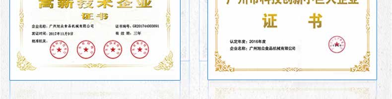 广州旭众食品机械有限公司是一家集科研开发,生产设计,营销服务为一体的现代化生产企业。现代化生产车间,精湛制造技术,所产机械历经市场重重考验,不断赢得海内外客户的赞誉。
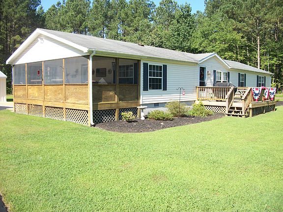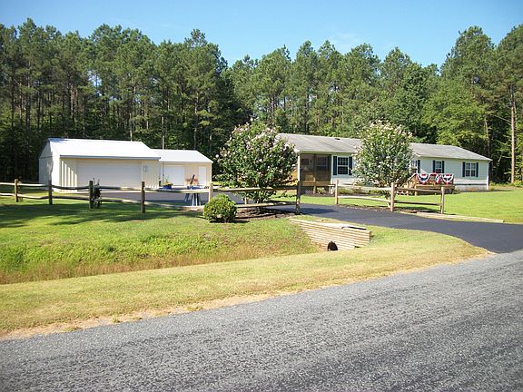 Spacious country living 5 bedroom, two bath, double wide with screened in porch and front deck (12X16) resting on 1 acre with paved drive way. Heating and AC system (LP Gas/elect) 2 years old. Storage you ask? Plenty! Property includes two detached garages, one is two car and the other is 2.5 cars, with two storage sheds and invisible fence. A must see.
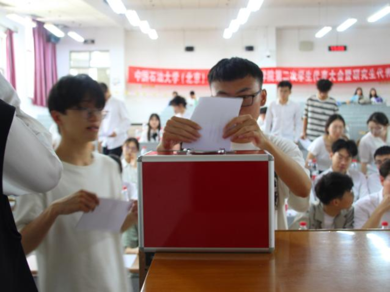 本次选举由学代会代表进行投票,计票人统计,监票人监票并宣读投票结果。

---

Make an exact copy of the listing above, omitting the pictures.

 广州旭众食品机械有限公司是一家集科研开发,生产设计,营销服务为一体的现代化生产企业。现代化生产车间,精湛制造技术,所产机械历经市场重重考验,不断赢得海内外客户的赞誉。
 Spacious country living 5 bedroom, two bath, double wide with screened in porch and front deck (12X16) resting on 1 acre with paved drive way. Heating and AC system (LP Gas/elect) 2 years old. Storage you ask? Plenty! Property includes two detached garages, one is two car and the other is 2.5 cars, with two storage sheds and invisible fence. A must see.
 本次选举由学代会代表进行投票,计票人统计,监票人监票并宣读投票结果。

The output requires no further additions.